Laurence Applebaum, the CEO of Golf Canada, which oversees the event, acknowledged to reporters during a news conference that he was “learning in real time along with all of you” about the agreement.

He could not say what effect the agreement might have on future Canadian Open tournaments, including their timing or other elements. “I’m not dealing with complete information, so it would be unfair for me to comment,” he told The Globe and Mail. “I’m going to learn more in the coming days and weeks.”

The swirl of uncertainty pulled in the British golfer Matt Fitzpatrick, who had suggested earlier this year that former colleagues who had defected to the LIV Tour should be banned from the PGA circuit. Mr. Fitzpatrick chose to avoid his scheduled press availability on Tuesday.

Asked during a separate press availability whether there were moral issues with the PGA Tour accepting Saudi backing, Canadian golfer Mike Weir said: “Right now, there’s so many things up in the air, I don’t know. I hadn’t really thought much about that.”

The deal is a stunning turnaround for a sport known for its blue-blood lineage and restraint.

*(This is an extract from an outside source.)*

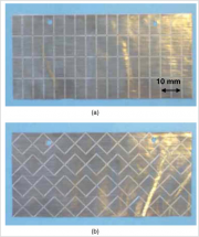 To tailor program the cylindrical shape memory Kuribayashi and You aged the material at 773k for 20-40h[1]. Next a folding pattern is devised and creases are applied to the foil by using a negative photo-chemical etching process[1]. Following the rules of origami, different patterns were made on either side side of the foil. Once the foil was etched, all that needed to be done to fold the stent was to sub cool it using liquid nitrogen. Folding occurs because the foil contracts at cold temperatures, and the foil buckles at points where there is less stress. Points of less stress for these stents are the etched lines.

And it marks an embarrassing climbdown for Mr. Monahan, who last year invoked the Sept. 11 attacks in criticizing the golfers who were then choosing to join LIV. “I would ask any player that’s left, or any player that would consider leaving: ‘Have you ever had to apologize for being a member of the PGA Tour?’ ” he said pointedly during an interview on CBS. Asked how significant the source of LIV’s funding is, Mr. Monahan replied, “It’s not an issue for me, because I don’t work for the Saudi Arabian government.”

On Tuesday, he acknowledged the pivot will leave many critics upset.

“I recognize that people are going to call me a hypocrite,” he said during an afternoon news conference. “Anytime I said anything, I said it with the information that I had at that moment, and I said it based on someone that’s trying to compete for the PGA Tour and our players. I accept those criticisms. But circumstances do change.”

On Tuesday, some families of those killed on Sept. 11 decried Mr. Monahan’s change of heart.

The White House declined to weigh in on the announcement. But the former U.S. president Donald Trump, who will play host to two of this year’s LIV tournaments at his Bedminster and Doral golf courses, proclaimed the merger to be “a big, beautiful, and glamorous deal for the wonderful world of golf.” (The message, on social media, was written in all-caps.)

Mr. Monahan acknowledged that a 90-minute closed-door meeting with players that had preceded the news conference in the Oakdale clubhouse was “intense, certainly heated.”

“This is an awful lot to ask them to digest, and this is a significant change for us in the direction that we were going down,” he added.